Exercise brief.
Transcribe exactly the line with "淳厚鑫悦混合A累计净值增长率" and each line that follows it in the listing, down to the last, omitting all pictures.

::::

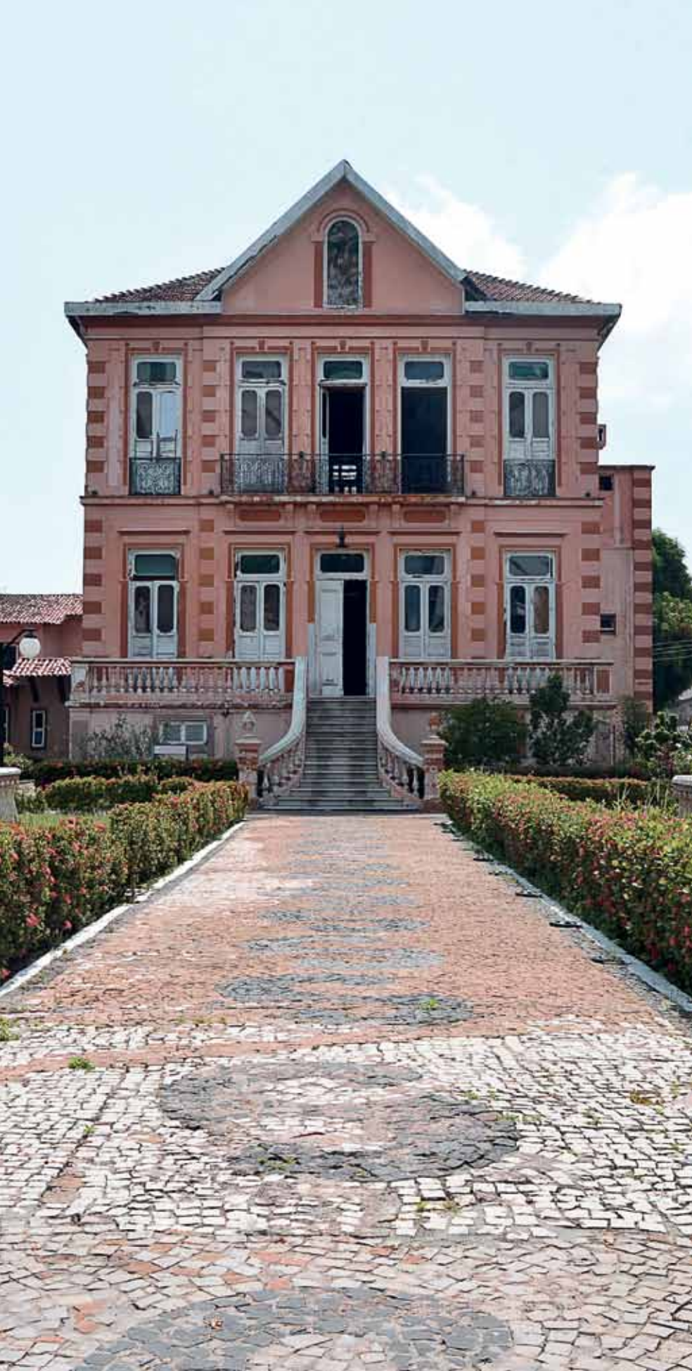
Casarão na avenida Almirante Barroso, em Belém, primeira sede do instituto

das oito seções de pesquisa do instituto, além dos setores de atendimento médico, onde são realizadas quase 25 mil análises clínicas e 4,7 mil diagnósticos de doenças tropicais por ano. À margem da rodovia BR-316, que liga Belém a Maceió, capital alagoana, esse complexo também abriga as atividades de ensino: um curso técnico em análises clínicas e os três cursos de pós-graduação – o mestrado em epidemiologia e vigilância em saúde e o mestrado e o doutorado em virologia. Apenas a Seção de Hepatites fica na sede original do IEC, o casarão do número 492 da avenida Almirante Barroso, em Belém, a 15 km de Ananindeua.
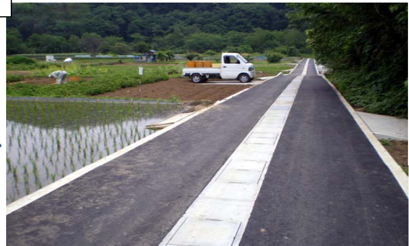
農道改良とともに、用排水路を改修することで、大幅な農作業効率のUPを図った。
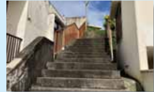
ウサン嶽の入り口
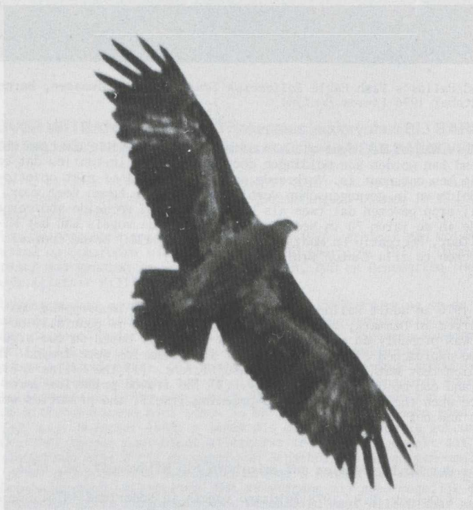
7. Pallas's Fish Eagle/Witbandzccarend Haliaeetus leucoryphus , immature, Mongolia, 1977 (Alan Kitson)

(1) AvdB and GO noticed a rather pale crown, nape and hindneck. They observed also a dark ear-mark running towards the neck. AK - who studied some 'young' birds in Mongolia - speaks of an Osprey Pandion haliaetus -like mask. Two 'sub-adult' birds in the collection of the Zoölogisch Museum (ZMA) at Amsterdam (Noord-Holland) show a similar mask. (2) According to AK Pallas's Fish Eagle has a relatively short neck. Cramp & Simmons (1980) state however the opposite.
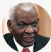
Juan Esteban Lazo Hernández Presidente
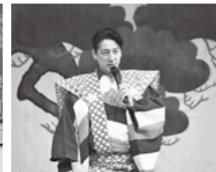
▲イリュージョン・サイエンスショー ▲和泉元彌狂言鑑賞会
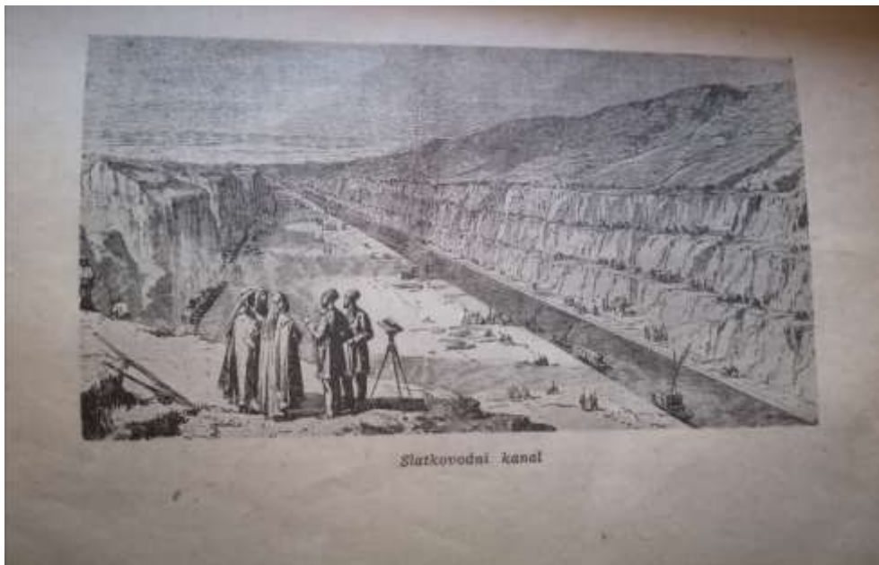
Slika 1. Slatkovodni kanal
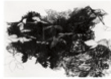
Abb. /1, Seite 36 O.T. (Klosterwald) 24.06.2015 Zeichenkohle, Zeichenkarton 42 x 59,4 cm
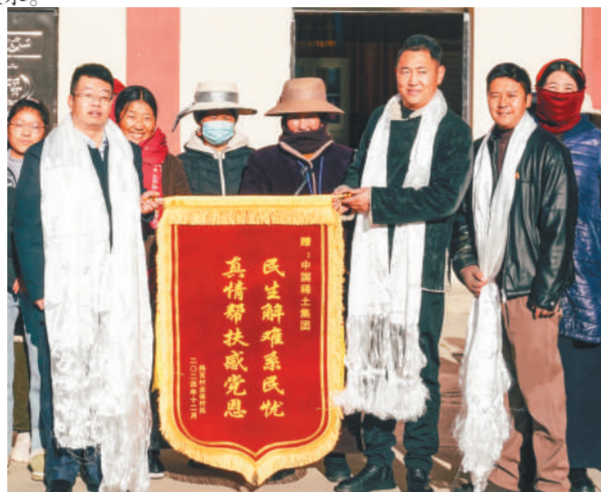
热瓦村村民向中国稀土集团的帮扶表达感谢。
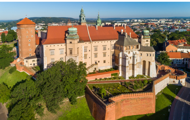
Wawel, fot. S. Rakowski Rynek Główny, fot. S. Rakowski
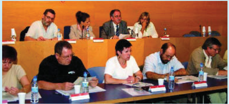
Un moment del Ple d'octubre.
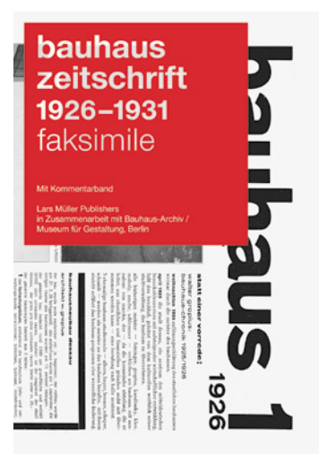
Berlin : Lars Müller Publishers, 428 pages
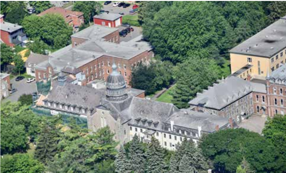
Site du monastère des Ursulines de Trois-Rivières, au départ des religieuses à l'été 2019

Photo : L. Grenier, Collections et archives | Pôle culturel du monastère des Ursulines, MTR/2/1/20,1-5
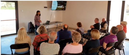
Trobada amb els veïns de Canet.

les propostes fetes pels veïns i veïnes, que pràcticament s'han implementat en la seva totalitat, i en l'última part de la reunió l'alcaldeessa va cedir la paraula als assistents perquè fessin propostes, suggeriments o expressessin les seves queixes. Aquestes s'han recollit en una acta que es comentarà en la reunió de retorn que es farà a la tardor.
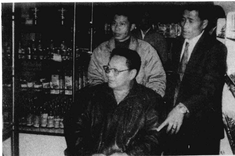
鄧樸方視察福建省助殘促進會“愛心系列工程”
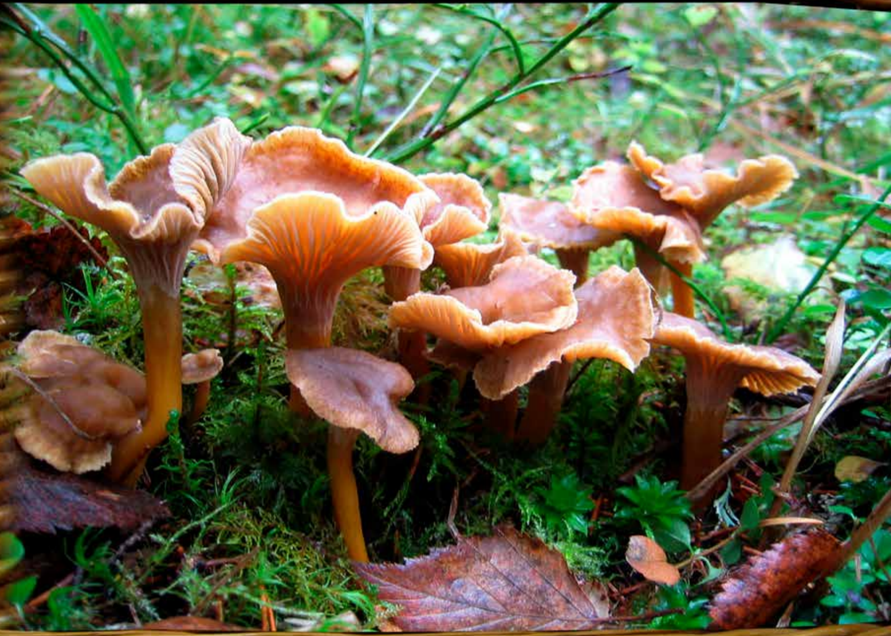
SUPPILOVAHVERO ( Cantharellus tubaeformis ) ****

Tasainen lehtiverho peittää jo lehdot ja sekametsät, mutta onneksi loppusyksyn valtalaji, suppilovahvero, viihtyykin parhaiten sammaleisissa tuoreissa kuusimetsissä. Se kätkeytyy taidokkaasti metsän aluskasvillisuuden sekaan ilman lehtipeittoakin. Suppilovahvero on kuin sienikunnan karpalo: ensin ei tahdo löytyä mitään, mutta kun kumarrut, se palkitsee sinut runsain mitoin vielä syysmyöhälläkin!
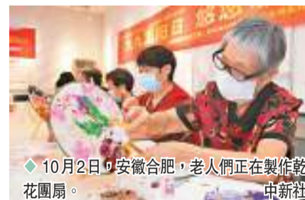
◆10月2日,安徽合肥,老人們正在製作乾花團扇。
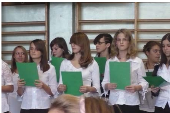
A nyolcadikosok műsora

Október 22-én iskolai keretek között emlékeztünk meg az 1956-os forradalomról. Köszönjük a színvonalas műsort!
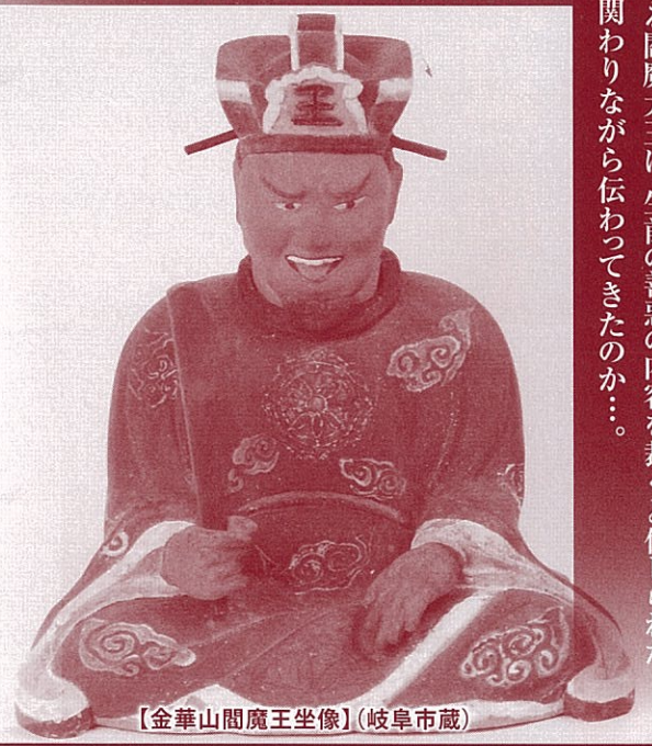
【金華山閻魔王坐像】(岐阜市蔵)
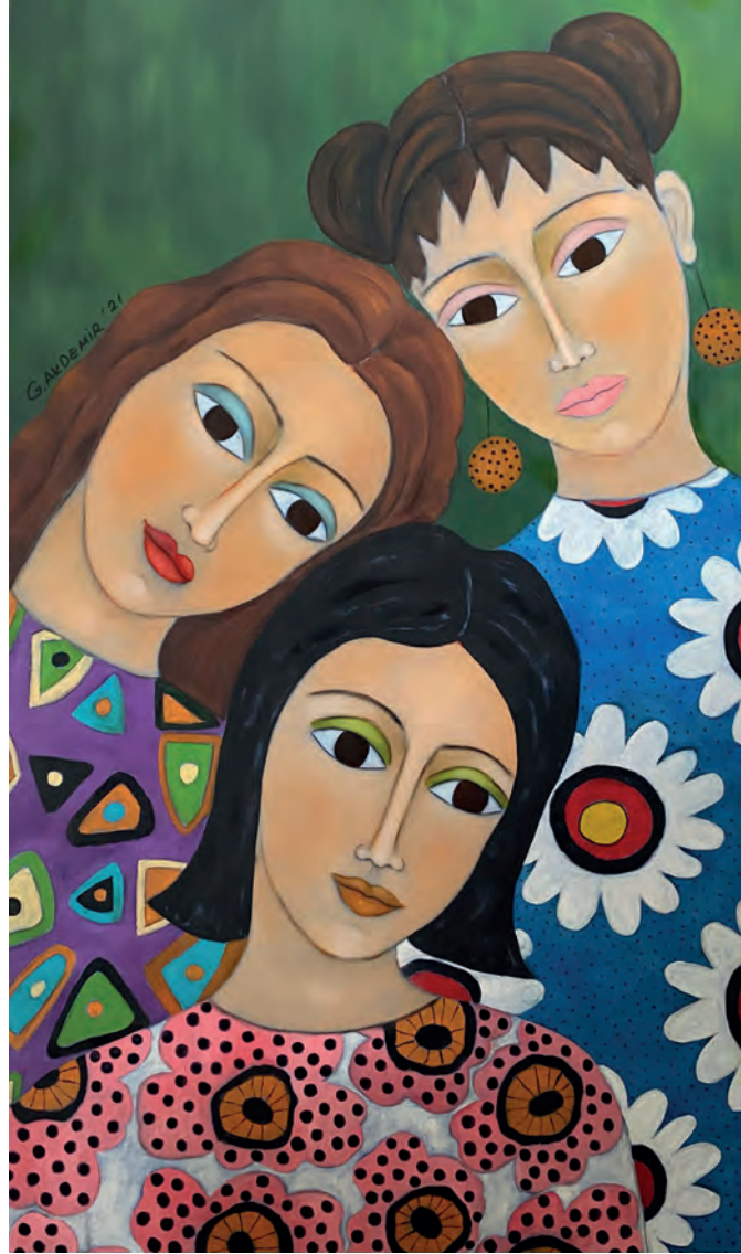
İsimsiz Tuval Üzeri Yağlı Boya, 110x65 cm
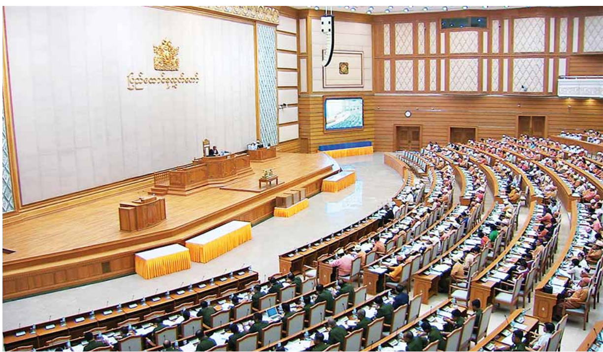
ပြည်ထောင်စုလွှတ်တော် ပဉ္စမပုံမှန်အစည်းအဝေး ကျင်းပစဉ်။

ပြည်သူများအကြား ဒီမိုကရေစီအလေ့အကျင့်များ ခိုင်မာအားကောင်းစေရန် လွှတ်တော်ကိုယ်စားလှယ်များက ပူးပေါင်းကူညီ
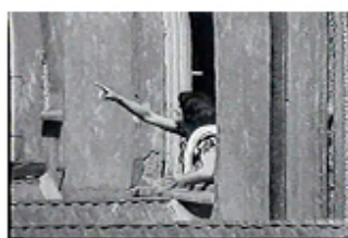
Sec. 2, F.4
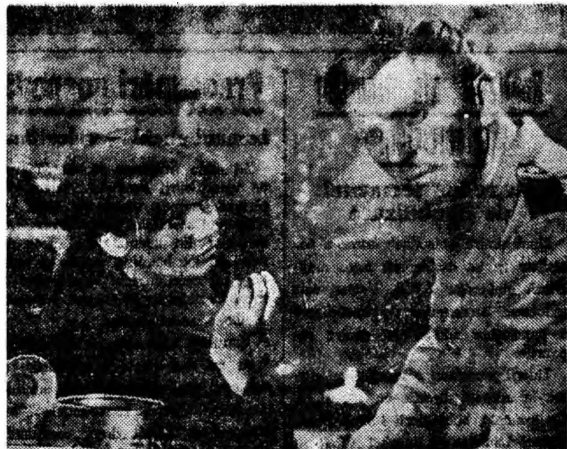
ÎN CLIȘEU: O secvență din filmul „Unde-i generalul”, o producție a studiourilor poloneze ce va rula pe ecranul cinematografului „7 Noiembrie”.

Pentru calitățile remarcabile, pentru interpretare excepțională filmul a fost distins cu mai multe premii la Festivalul Internațional al filmului de la Mar del Plata 1963: „Premiul special al festivalului”, „Premiul criticilor pentru cel mai bun film”; actorul Tom Courtenay (interpretul principal) — „Premiul pentru cea mai bună interpretare masculină” obținînd același premiu și de la Societatea criticilor.
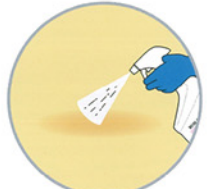
嘔吐物処理の除菌剤として
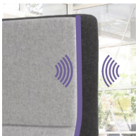
Schallschutz durch schallabsorbierenden Schaumstoff in Rückenlehne
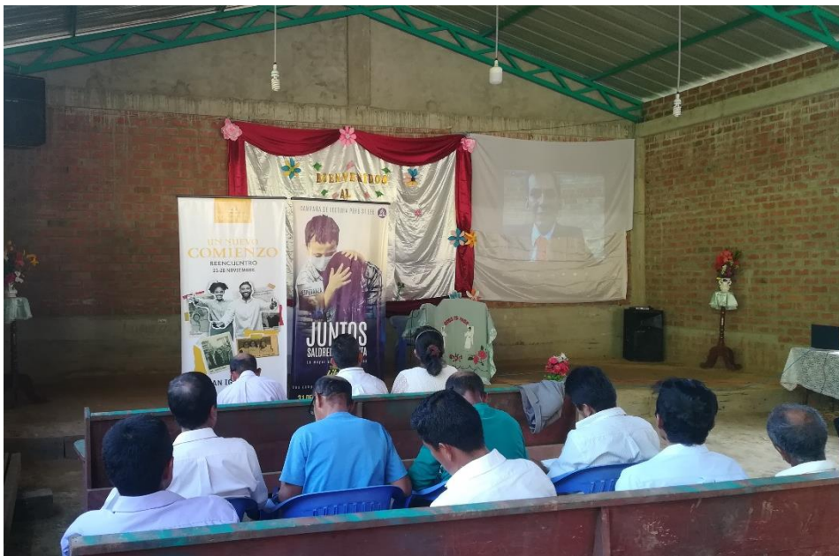
Anexo. Sábado de Capacitación Misionera y Vigilia de líderes distrital
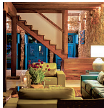
Hotel Casa Turquesa

Casa Turquesa (negen kamers, vanaf €350 per nacht, casaturquesa.com.br) is verreweg het meest luxe boetiekhotel van Paraty. Het prijkt sinds de opening in 2008 hoog op alle luxelijstjes van de Braziliaanse hotelbranche. Toch kan het nog een stuk extravaganter: in het historische centrum en op de eilanden in de baai bevindt zich een groot aantal weelderige villa's waar tropische dromen in overtreffende trap kunnen worden uitgeleefd, inclusief eigen personeel, koks en kapiteins. Op brazilianbeachhouse.com staat een mooie selectie, inclusief een compleet privé-eiland (Ilha do Pico, €1300 per nacht). Een verblijf in Paraty hoeft echter geen vermogen te kosten: een tweepersoonskamer in Geko Hostel ( gekohostel.com ), prachtig gelegen pal aan het strand, kost slechts €30 per nacht. Die prijs is inclusief een caipirinha bij de beachbar.
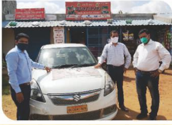
कटक, ओडिशा में आयोजित वैन कैम्पेन
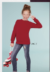
NEW SUPREME KIDS 13249
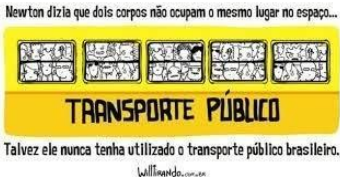
Figura 3 – Charge transporte público
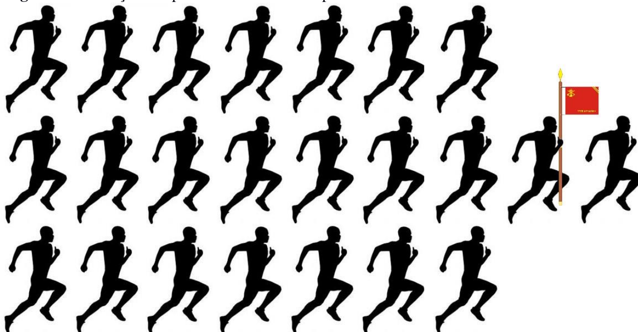
Imagem 2 – Formação dos pelotões militares – 23 pessoas

Artigo 73º. Os pelotões militares deverão correr em formação de três colunas lado a lado, com o Capitão à frente seguido imediatamente pelo Porta-Guião (vide imagem 2), em todo o percurso. As únicas exceções previstas ocorrerão no momento da passagem pelos pontos de hidratação, onde haverá natural dispersão para o recebimento de água e na eventualidade de atendimento médico aos atletas.
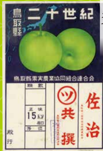
ラベル「二十世紀梨」個人 蔵
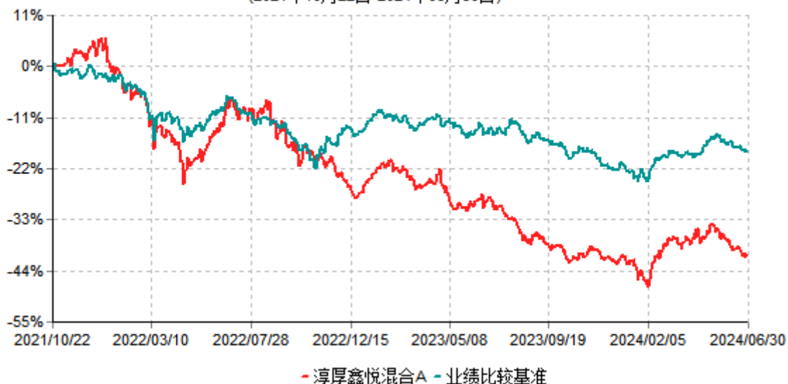
淳厚鑫悦混合A累计净值增长率与业绩比较基准收益率历史走势对比图 (2021年10月22日-2024年06月30日)

注：本基金基金合同生效日为 2021 年 10 月 22 日。按基金合同规定，本基金自基金合同生效起 6 个月内为建仓期。建仓期结束时本基金的各项投资比例均符合基金合同约定。
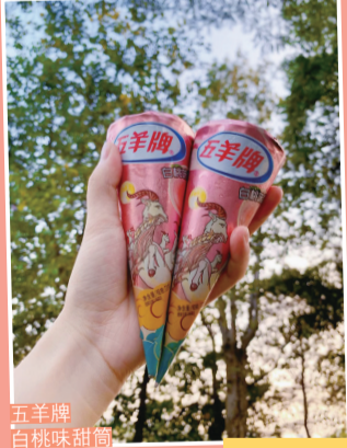
五羊牌 白桃味甜筒
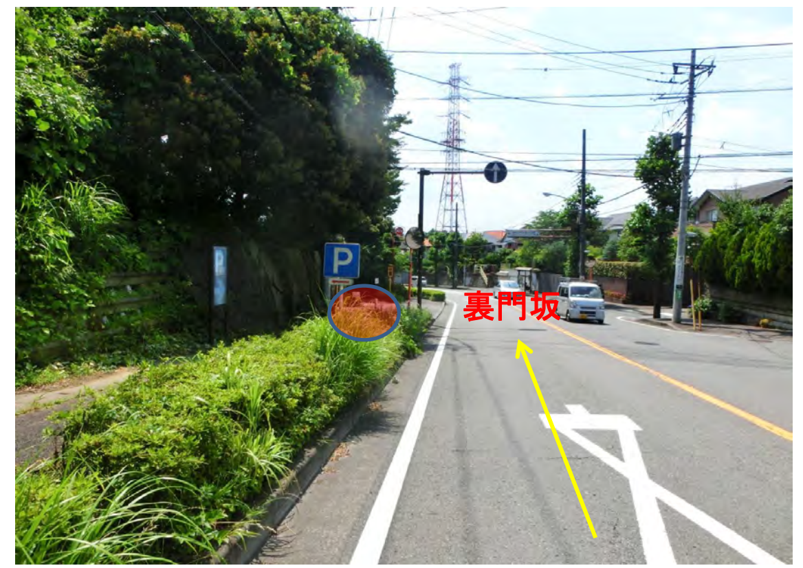
②裏門坂 バス停手前
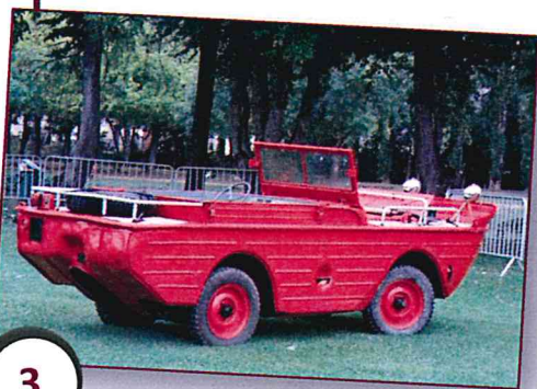
3 JEEP AMPHIBIE FORD GPA (1942)

::::

Exercise response.
淳厚鑫悦混合A累计净值增长率与业绩比较基准收益率历史走势对比图 (2021年10月22日-2024年06月30日)

注：本基金基金合同生效日为 2021 年 10 月 22 日。按基金合同规定，本基金自基金合同生效起 6 个月内为建仓期。建仓期结束时本基金的各项投资比例均符合基金合同约定。
五羊牌 白桃味甜筒
②裏門坂 バス停手前
3 JEEP AMPHIBIE FORD GPA (1942)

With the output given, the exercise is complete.